In auto: Dalla Garfagnana alle Terre Matildiche

Gli itinerari proposti in questo capitolo, si muovono tra il Passo di Pradarena ed il Passo delle Radici, dove si innalzano le vette più alte del Parco Nazionale dell'Appennino Tosco-Emiliano: il monte Prado e soprattutto il monte Cusna, che delimitano uno spazio naturale incontaminato di vaste proporzioni.

A cavallo tra la valle del Serchio e la valle del Secchia, si attraversa un vasto repertorio di paesaggi, dalle foreste alle parterie, dai vaccinati alle ripide pareti rocciose degli "schiocchi" scavati dai torrenti.

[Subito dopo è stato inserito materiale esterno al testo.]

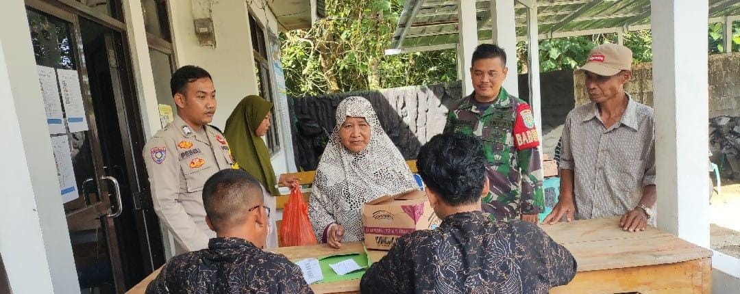 Bhabinkamtibmas Polsek Anyar Polres Cilegon Polda Banten melaksanakan pengamanan Kegiatan Penyaluran bantuan Sembako dari Pemerintah tahun 2023 oleh Pos Indonesia Kec. Anyar, Kamis (27/11).

In questo contesto di grande naturalità, la presenza dell'uomo e delle sue attività non è mai stata del tutto marginale: i tre principali valichi, il Passo di Pradarena, il Passo delle Fòrbici ed il Passo delle Radici, sono stati frequentati dall'antichità e percorsi da vere e proprie strade, dotate di ospitali e torri di vedetta, fin dall'alto medioevo. I domini della contessa Matilde di Canossa si estendevano in queste terre ed i castelli a lei più cari sorgevano sulla collina reggiana, a Canossa ed a Carpineti. Accanto a tutto questo, la storia degli umili: pastori, contadini, boscaioli, arrotini, braccianti e quant'altro.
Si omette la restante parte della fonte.